Mr. Houston introduced the efforts of the Global Pro Bono Bar Association titled “Project Treaty Justice”, which seeks to assist investors with financing collective claims against Russia. In response to international sanctions, Russia published and has actively updated a list of “unfriendly countries,” which empowers the government to introduce countermeasures against countries determined to have engaged in “unfriendly” actions against Russia (and investors from those “unfriendly countries”). Such measures include: currency transfer restrictions, transaction approval requirements, prohibition of foreign currency export, debt repayment restrictions, export and import prohibitions, and non-enforcement of intellectual property rights (read more about sanctions here). The 27 “unfriendly countries” with whom Russia has BITs in force are Albania, Austria, Bulgaria, Canada, Czech Republic, Denmark, Finland, France, Germany, Greece, Hungary, Italy, Japan, Lithuania, Luxembourg, Netherlands, North Macedonia, Norway, Romania, Singapore, Slovakia, South Korea, Spain, Sweden, Switzerland, Ukraine, and the United Kingdom (read more about Russian BITs here).

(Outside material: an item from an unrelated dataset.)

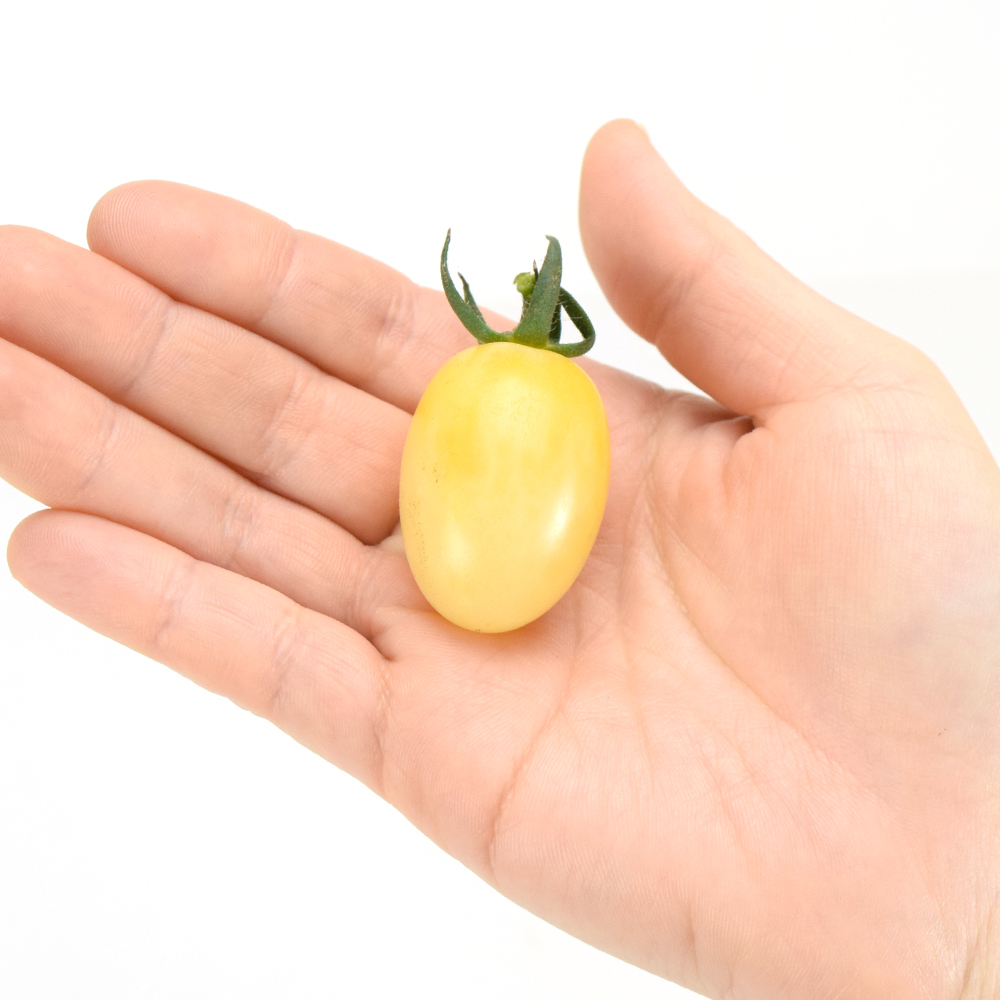 白皮が目を惹く極上のミニトマト! やや大きめの実は旨さと食べ応えを兼ね備え、酸味をほぼ感じない極上の甘味が舌を楽しませてくれます。 試食スタッフは「こんなに美味しいなんて…!」とびっくり。糖度10度前後、花数が非常に多く収量性に優れ、複合耐病性を持つので育てやすい! |

Mr. Houston explained the main three objectives of Project Treaty Justice are to (i) bring justice to those negatively impacted by Russia’s actions where they otherwise may have no recourse, (ii) deter future acts of aggression by Russia or other states in order to promote the international rule of law as well as international peace and security, and (iii) democratize the practice of investor-state arbitration around the world by affirming the value of individual investors’ investments. Therefore, Project Treaty Justice is in the process of developing a mechanism to help those affected individuals by Russia’s economic measures, who have no other avenue for access to justice to bring an ISDS claim, even if their claims are smaller in size as long as their rights are protected under any of the 27 BITs with Russia (read more about small value claims here).

Mr. Laird flagged the UN General Assembly Resolution of 14 November 2022 on the furtherance of remedy and reparation for aggression against Ukraine, which amongst many aspects envisioned the creation of a “record of evidence” with a statement of “Claims information […] caused by internationally wrongful acts”, documentary evidence of “damages, loss, or injury,” and expert evidence if required. The scope and extent of the record is all damages, including human rights and commercial losses, to the State of Ukraine and all natural and legal persons concerned (read more about the peaceful resolution of disputes here).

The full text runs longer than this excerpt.